Evolution not revolution
What is this IT obsession with revolution? Revolution is destructive, counterproductive, the source of much pain. The destruction which evolutions wreak can set communities back by decades. Revolution is to be avoided at all costs. The intelligent and civilised way to move forward is evolution: building on the work of others, retaining value and knowledge, growing, changing incrementally.
I'm sick of hearing about how we should dump thirty years of ITSM wisdom. No we can't just ban SLAs. No we aren't in a new era of customer service. No we shouldn't abandon ITIL. No social media or personal computing don't nullify all the rules.
It is not just the ITSM community howling at the barricades; it is rife all across IT. Vendors and analysts have been playing this game for the quarter century I have been in this industry and we still continue to fall for it: the vendors convince people to throw away what they have and buy new stuff; and the analysts suckle at the teat of fear, uncertainty, and doubt.
And it is bullshit. If the PC was revolutionary why do we still have so many mainframes? If the internet was revolutionary why do we still have shops? These things are evolution not revolution. They add layers to our lives. Sure they displace some of what came before but not all. This is addition not replacement.
There are several factors at play here
- We are addicted to novelty: we have had so much extreme change in our industry that we have become habituated, hooked on the need for change Tweet this
- A related factor is our love of toys, anything shiny
- As IT people we love problems, we thrill to challenges, we revel in bad news
- I can't help thinking that some of our more sociopathic community members love revolution because they love to destroy the work of others
I think it is healthy to challenge - this blog proves that.
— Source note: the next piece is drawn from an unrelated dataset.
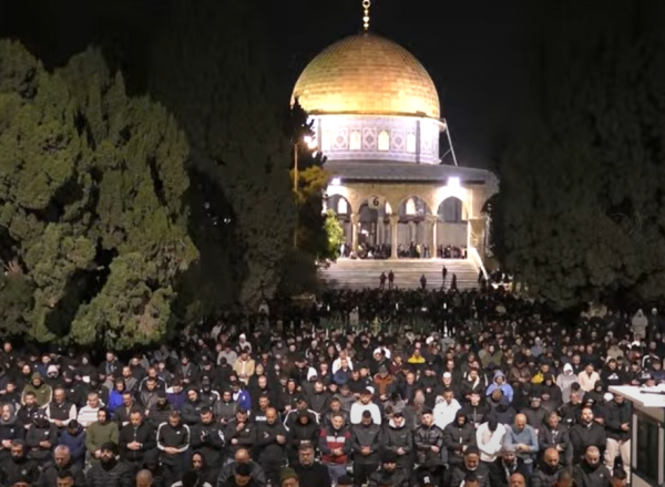 وقالت دائرة الأوقاف الإسلامية إن نحو 35 ألف مواطن أدوا صلاتي العشاء والتراويح في رحاب المسجد الأقصى رغم إجراءات الاحتلال.

I think it is unhealthy when false ideas become orthodoxy, and I see a few false ideas becoming embedded in IT
- ITSM is old crap that causes bad customer service
- Customer community is a new idea
- The users are going to support themselves
- The Crowd or Commons is wise, even in small communities
- Most customer service is done really badly
- Most people in service management or IT or business don't care about their fellow humans
The irony is that those driving these ideas do so because they want to destroy dogma and yet they are creating what I am going to call the New IT Age dogma. And it is just as hippy-dippy and devoid of rational thought or science as all of the New Age concepts.
The hippy analogy works for me. Reject orthodoxy, challenge authority (and wisdom), let it go, loosen up man, peace love dope and brown rice will change the world. Yeah right.
New Age thinking gave us teen pregnancy and alternative medicine and razor blades under pyramids. New IT Age thinking gave us the dotcom e-comm bubble and BYOD.
Rejecting any body of knowledge because human frailty results in failures of execution - whether it be ITSM, economics, or Islam - is just dumb. If you see further it is because you stand on the shoulders of giants, not kick them in the teeth.
There's no New IT Age. Now can we please stop burning down the library and torching cars and get back to improving what we do? For the sake of our customers.